» **What you need to do**: Look below for the line that contains "Скелет человекаСкелет человека", and write out exactly that line and all remaining lines of the listing, omitting pictures.

» **Dataset content**:

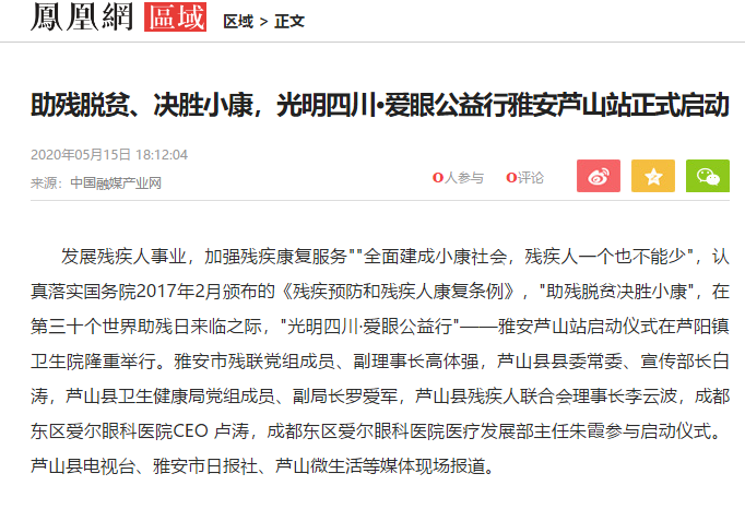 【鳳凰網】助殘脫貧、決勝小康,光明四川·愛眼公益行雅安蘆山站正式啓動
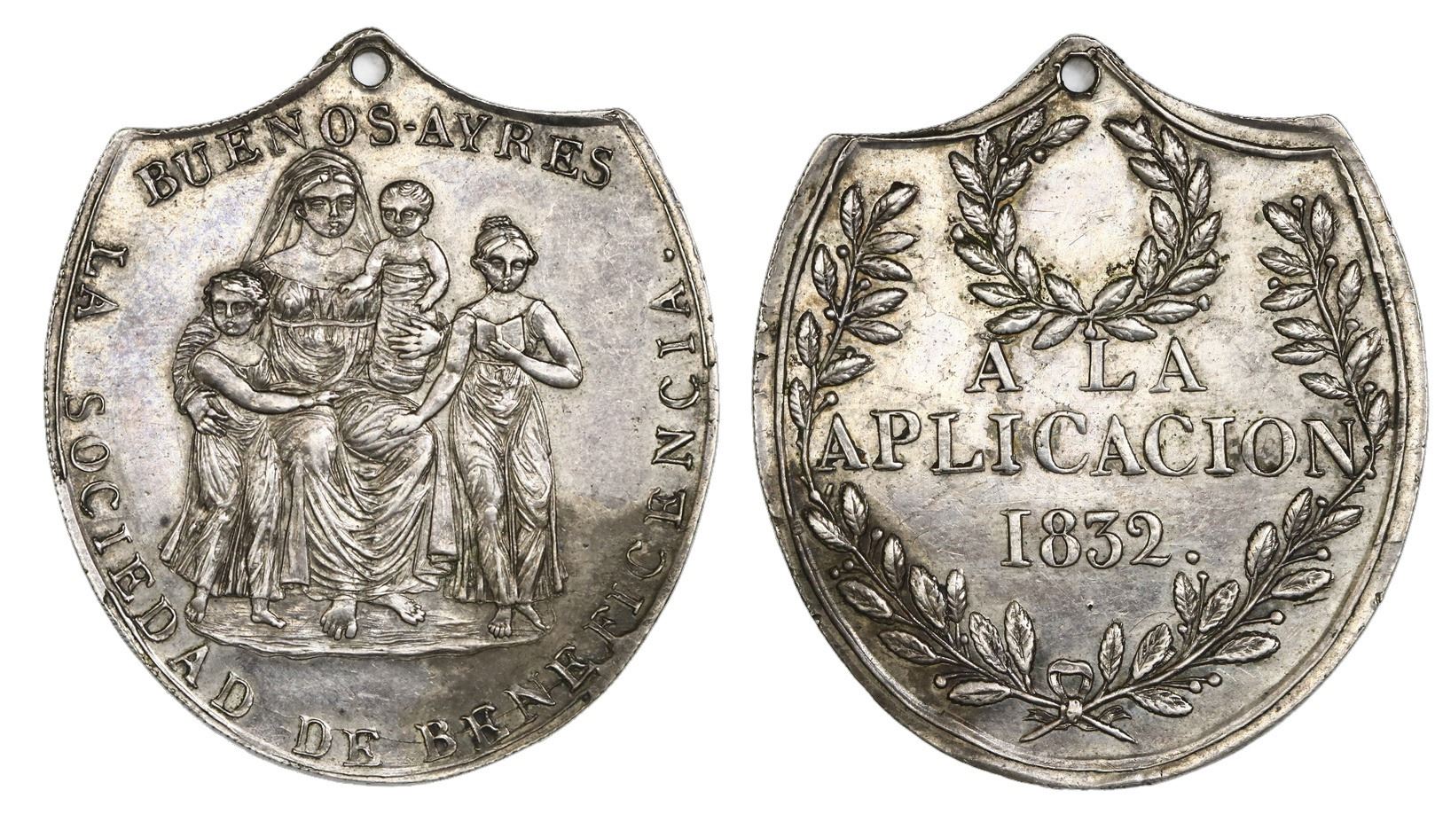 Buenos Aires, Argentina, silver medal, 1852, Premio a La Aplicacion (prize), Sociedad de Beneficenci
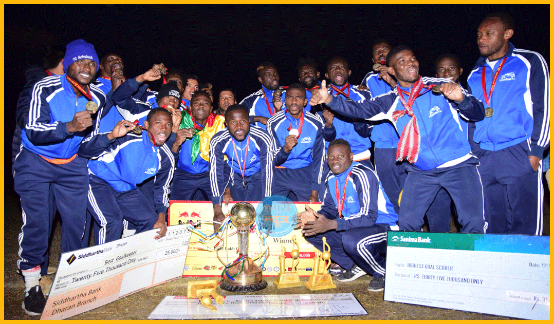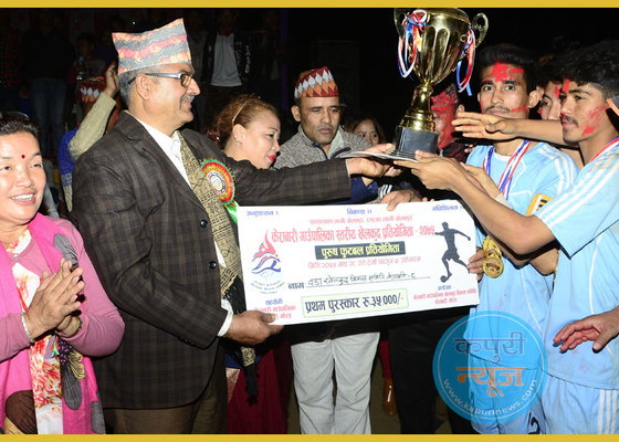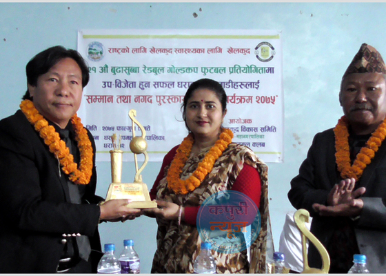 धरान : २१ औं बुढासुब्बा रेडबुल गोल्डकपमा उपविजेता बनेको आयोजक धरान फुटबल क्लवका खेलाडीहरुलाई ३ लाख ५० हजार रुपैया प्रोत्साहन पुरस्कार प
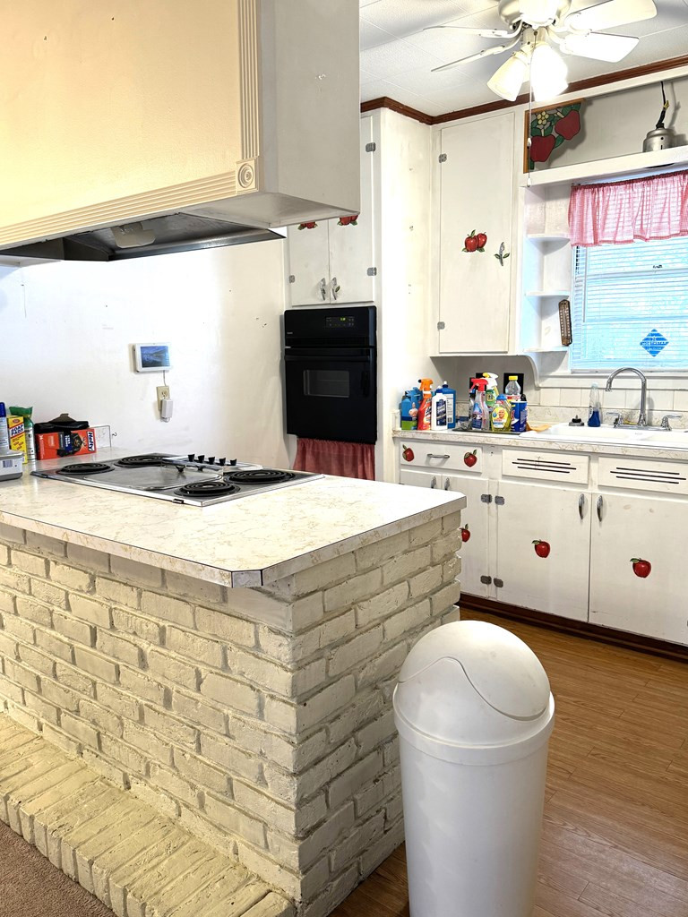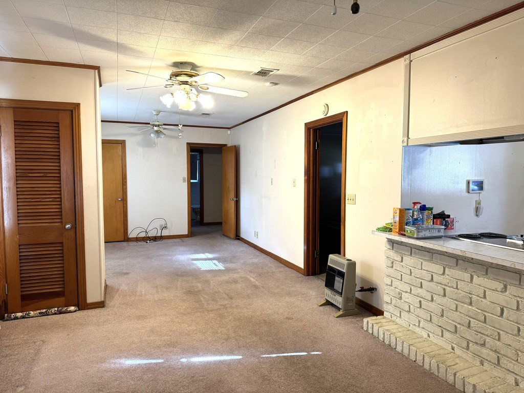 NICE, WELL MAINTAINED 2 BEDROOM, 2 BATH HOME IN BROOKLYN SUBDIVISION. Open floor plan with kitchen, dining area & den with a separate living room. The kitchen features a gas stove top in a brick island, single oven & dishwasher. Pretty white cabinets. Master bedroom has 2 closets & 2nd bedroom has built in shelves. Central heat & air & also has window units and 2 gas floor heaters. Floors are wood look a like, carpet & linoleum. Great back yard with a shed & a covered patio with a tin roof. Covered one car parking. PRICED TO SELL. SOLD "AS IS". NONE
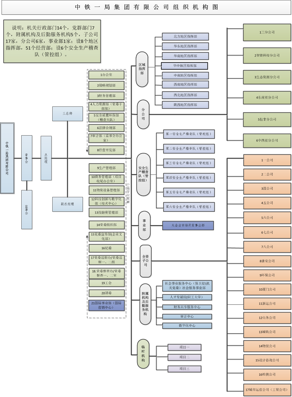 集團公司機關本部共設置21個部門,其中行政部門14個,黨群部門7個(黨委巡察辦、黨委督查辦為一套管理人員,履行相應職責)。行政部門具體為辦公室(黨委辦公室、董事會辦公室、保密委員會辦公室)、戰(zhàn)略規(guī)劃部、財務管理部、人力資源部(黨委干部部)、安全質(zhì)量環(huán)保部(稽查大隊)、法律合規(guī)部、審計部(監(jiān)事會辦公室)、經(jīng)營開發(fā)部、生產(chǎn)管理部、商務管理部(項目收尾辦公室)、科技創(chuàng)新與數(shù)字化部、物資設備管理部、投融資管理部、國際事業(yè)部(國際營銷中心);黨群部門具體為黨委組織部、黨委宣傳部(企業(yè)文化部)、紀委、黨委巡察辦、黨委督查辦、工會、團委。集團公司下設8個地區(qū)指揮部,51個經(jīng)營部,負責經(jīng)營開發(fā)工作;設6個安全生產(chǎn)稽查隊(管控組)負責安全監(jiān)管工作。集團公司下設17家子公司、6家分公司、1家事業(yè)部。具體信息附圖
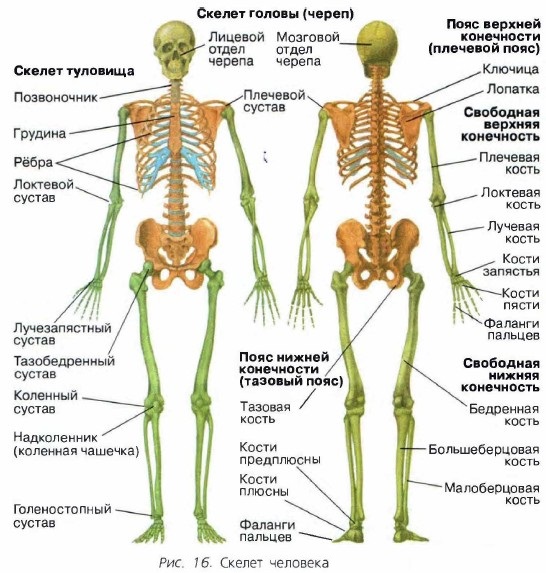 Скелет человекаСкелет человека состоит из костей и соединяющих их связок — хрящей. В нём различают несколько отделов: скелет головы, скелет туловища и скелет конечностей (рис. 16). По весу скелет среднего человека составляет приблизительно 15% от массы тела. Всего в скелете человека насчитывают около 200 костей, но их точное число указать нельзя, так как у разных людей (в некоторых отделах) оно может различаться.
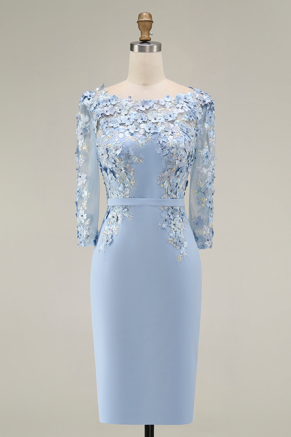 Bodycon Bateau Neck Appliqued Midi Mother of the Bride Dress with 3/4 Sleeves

» **Exercise output**:
 Скелет человекаСкелет человека состоит из костей и соединяющих их связок — хрящей. В нём различают несколько отделов: скелет головы, скелет туловища и скелет конечностей (рис. 16). По весу скелет среднего человека составляет приблизительно 15% от массы тела. Всего в скелете человека насчитывают около 200 костей, но их точное число указать нельзя, так как у разных людей (в некоторых отделах) оно может различаться.
 Bodycon Bateau Neck Appliqued Midi Mother of the Bride Dress with 3/4 Sleeves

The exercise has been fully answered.